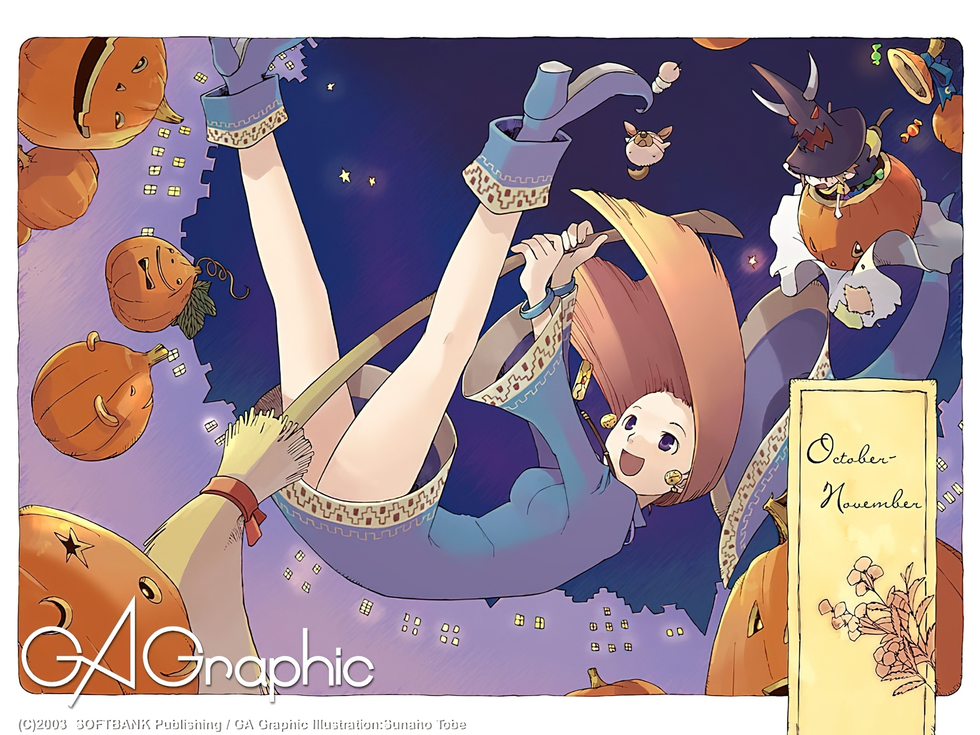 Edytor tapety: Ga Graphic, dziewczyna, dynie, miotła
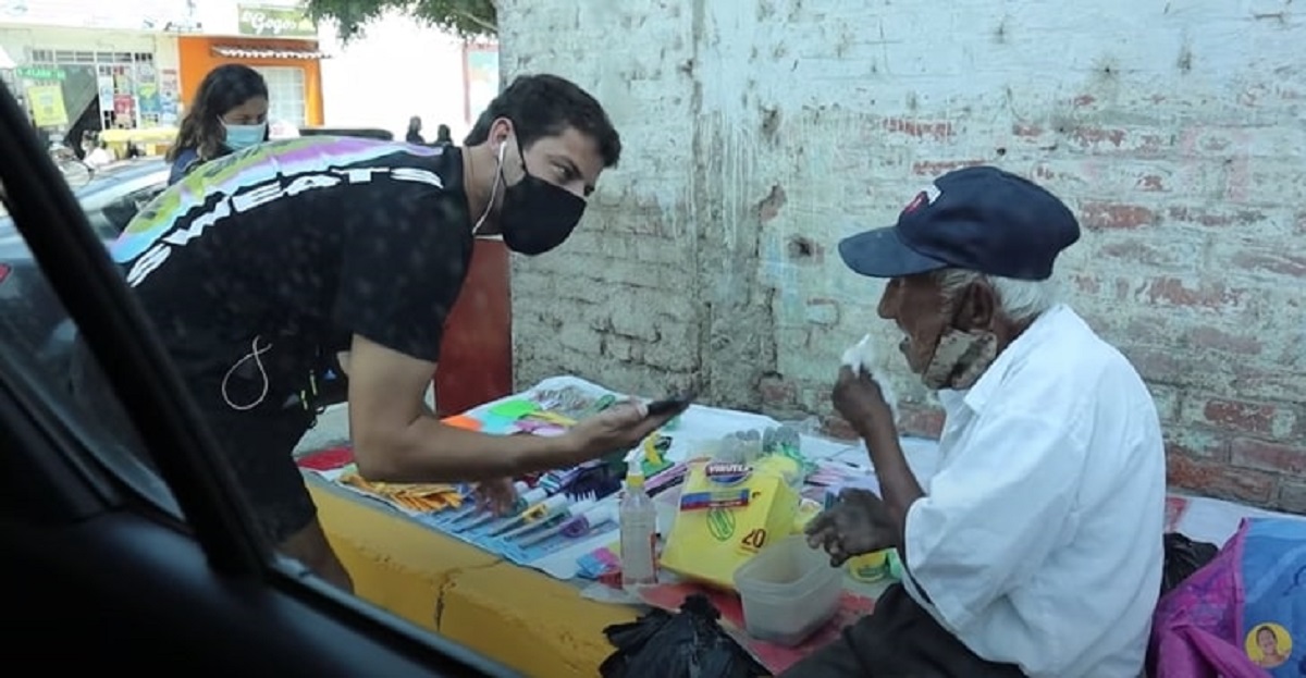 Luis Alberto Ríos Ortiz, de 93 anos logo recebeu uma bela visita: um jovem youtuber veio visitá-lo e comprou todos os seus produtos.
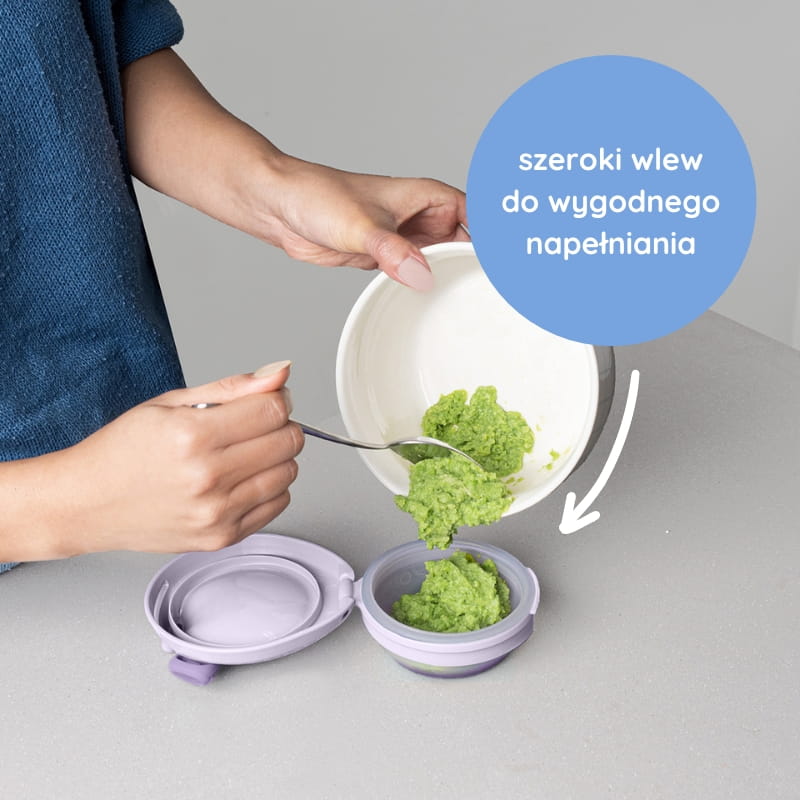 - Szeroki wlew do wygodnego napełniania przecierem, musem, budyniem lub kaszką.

* Work order *
Reproduce the data above verbatim, minus any images.

* Response to this task *
 Edytor tapety: Ga Graphic, dziewczyna, dynie, miotła
 Luis Alberto Ríos Ortiz, de 93 anos logo recebeu uma bela visita: um jovem youtuber veio visitá-lo e comprou todos os seus produtos.
 - Szeroki wlew do wygodnego napełniania przecierem, musem, budyniem lub kaszką.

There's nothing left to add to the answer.